The whole listing, apart from its images, should be restated word for word.

# EXERCISE DATA
____
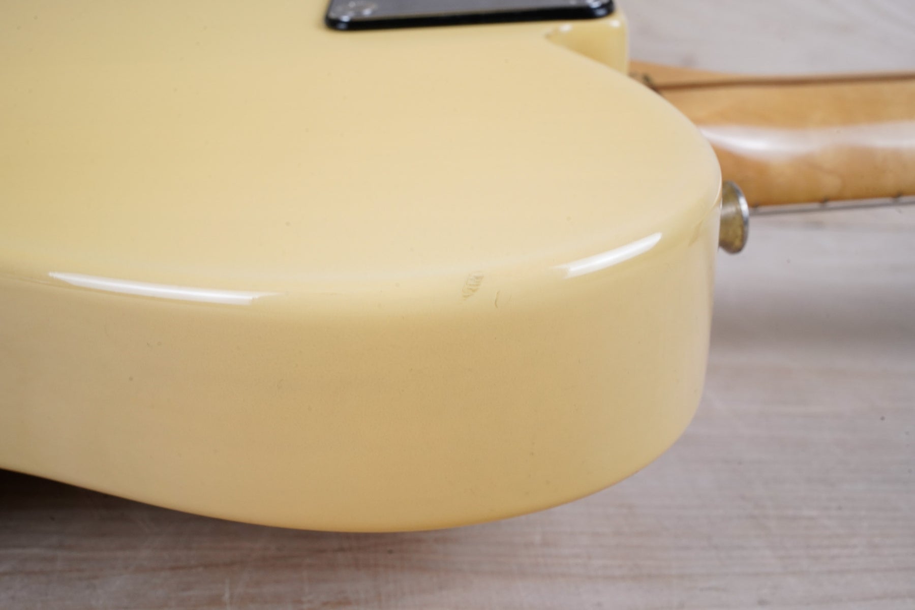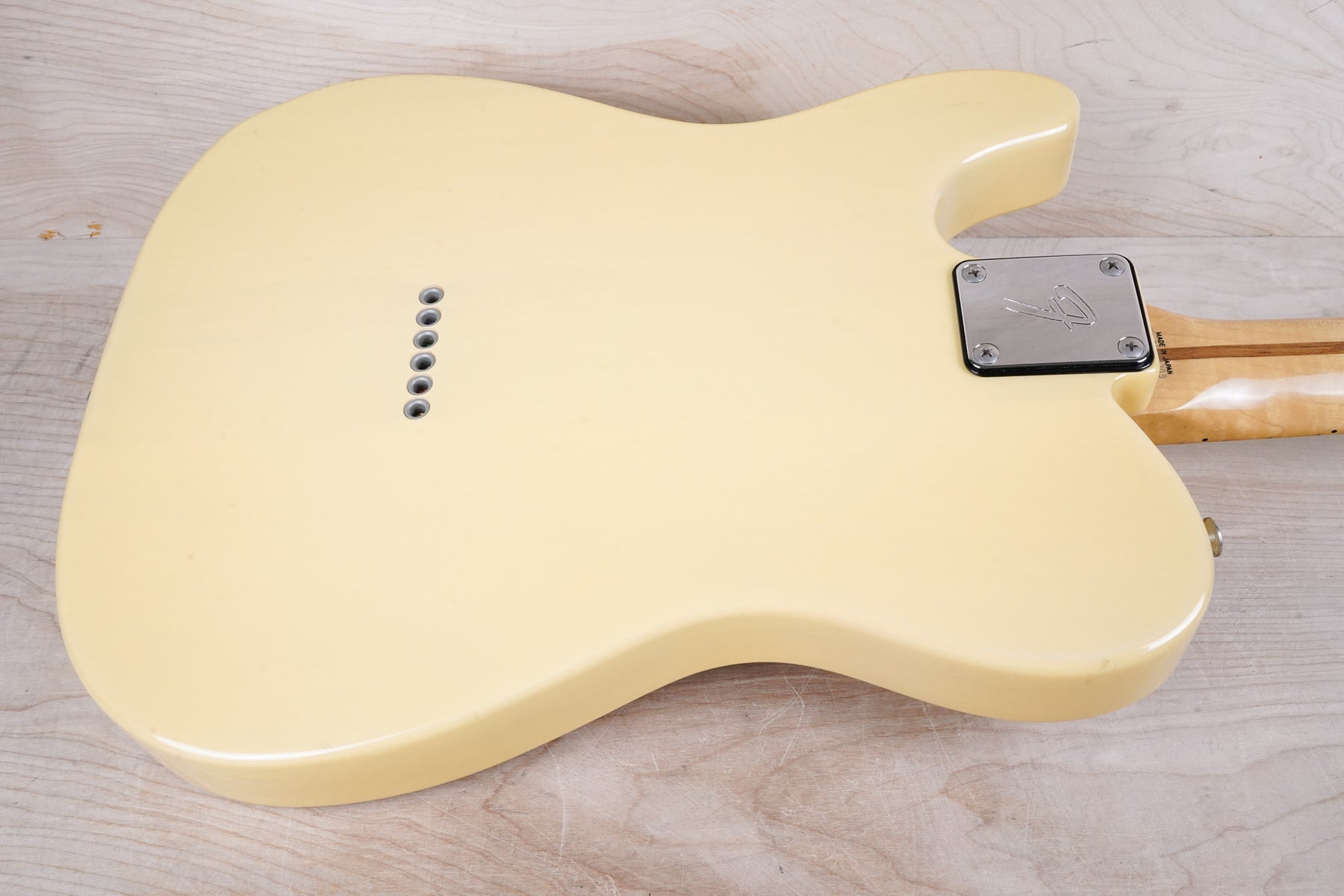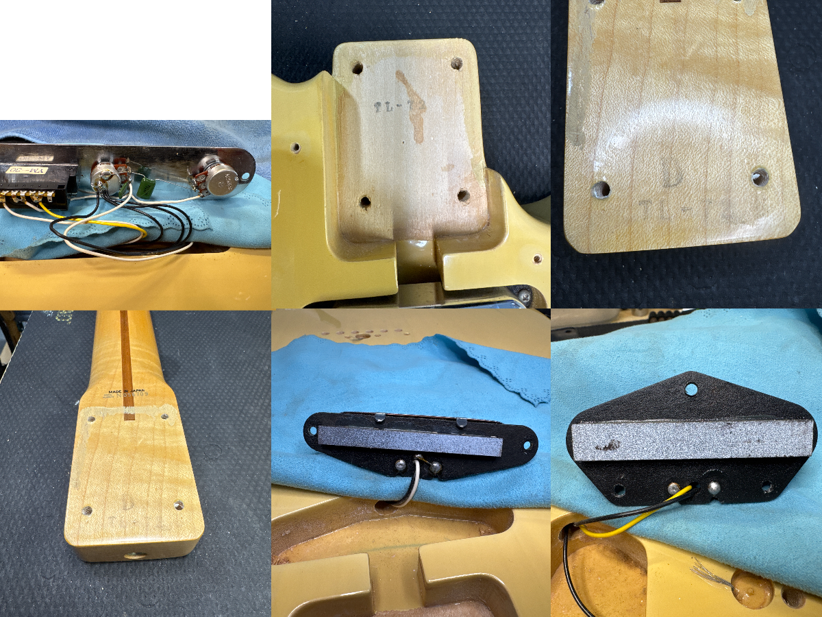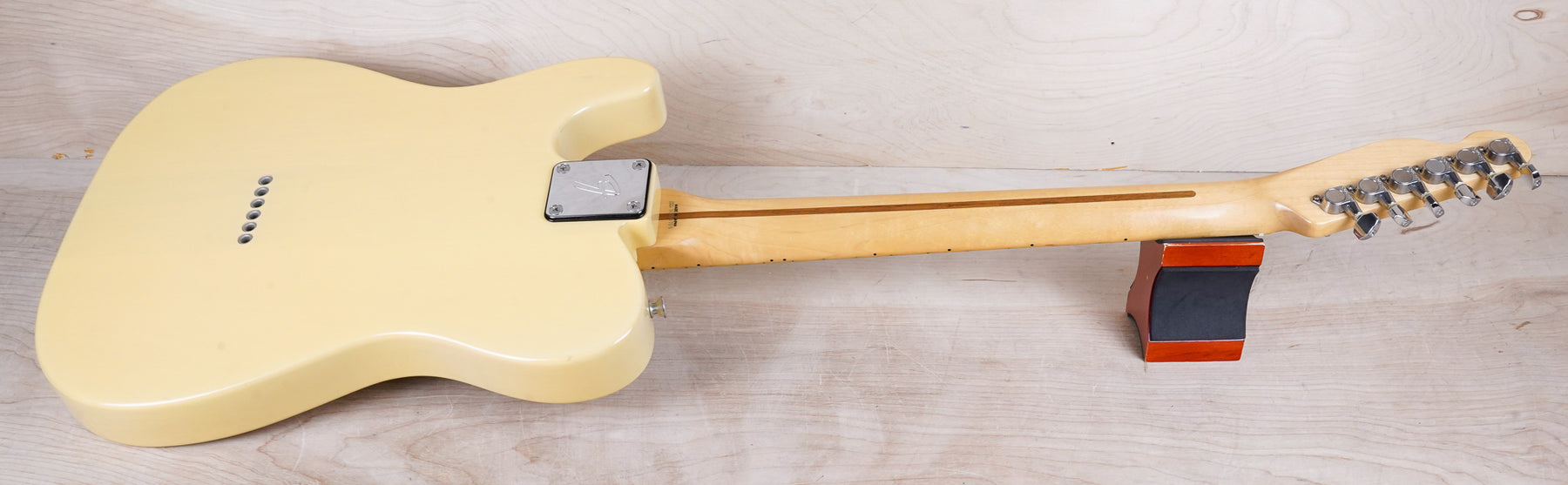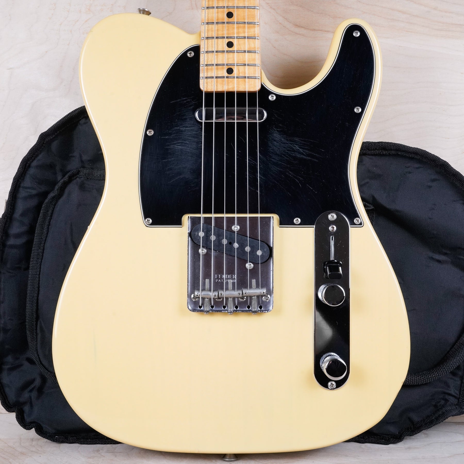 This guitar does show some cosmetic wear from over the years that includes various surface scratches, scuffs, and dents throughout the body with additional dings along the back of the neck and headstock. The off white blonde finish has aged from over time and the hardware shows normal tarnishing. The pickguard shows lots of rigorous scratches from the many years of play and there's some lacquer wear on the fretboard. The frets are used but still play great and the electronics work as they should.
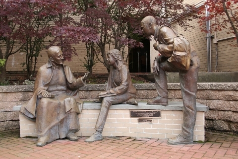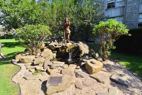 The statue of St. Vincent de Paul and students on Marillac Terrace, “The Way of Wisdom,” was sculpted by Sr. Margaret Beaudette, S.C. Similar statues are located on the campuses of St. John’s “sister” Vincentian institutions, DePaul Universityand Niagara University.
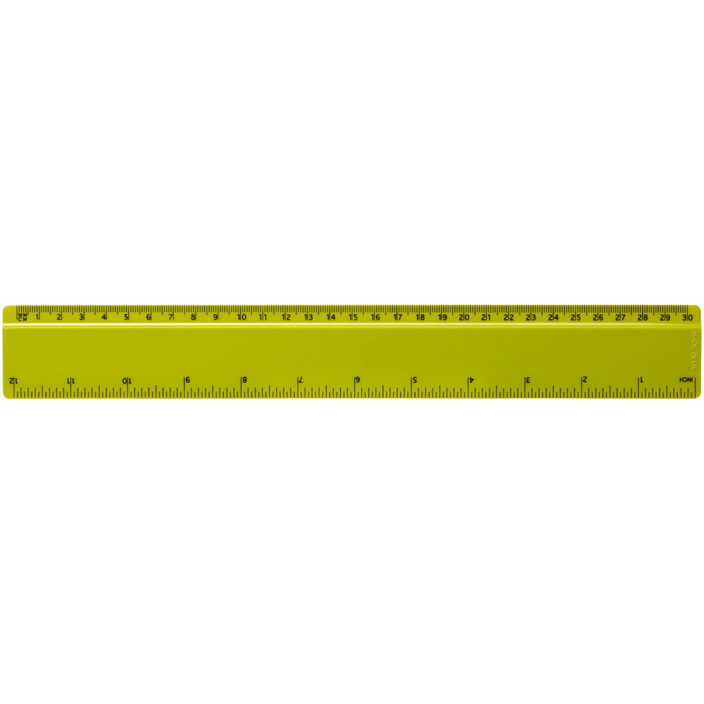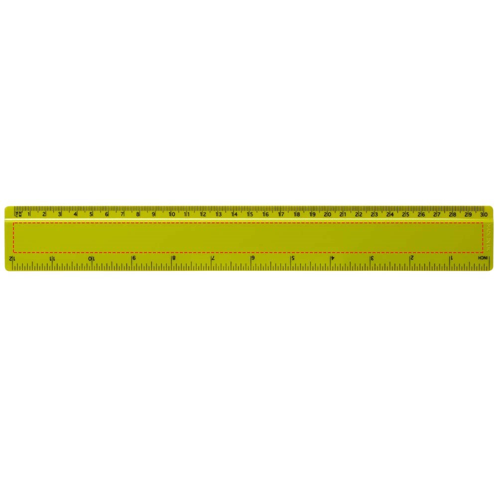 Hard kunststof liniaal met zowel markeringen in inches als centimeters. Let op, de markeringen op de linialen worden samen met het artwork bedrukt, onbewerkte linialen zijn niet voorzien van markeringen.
____
# SOLUTION
 This guitar does show some cosmetic wear from over the years that includes various surface scratches, scuffs, and dents throughout the body with additional dings along the back of the neck and headstock. The off white blonde finish has aged from over time and the hardware shows normal tarnishing. The pickguard shows lots of rigorous scratches from the many years of play and there's some lacquer wear on the fretboard. The frets are used but still play great and the electronics work as they should.
 The statue of St. Vincent de Paul and students on Marillac Terrace, “The Way of Wisdom,” was sculpted by Sr. Margaret Beaudette, S.C. Similar statues are located on the campuses of St. John’s “sister” Vincentian institutions, DePaul Universityand Niagara University.
 Hard kunststof liniaal met zowel markeringen in inches als centimeters. Let op, de markeringen op de linialen worden samen met het artwork bedrukt, onbewerkte linialen zijn niet voorzien van markeringen.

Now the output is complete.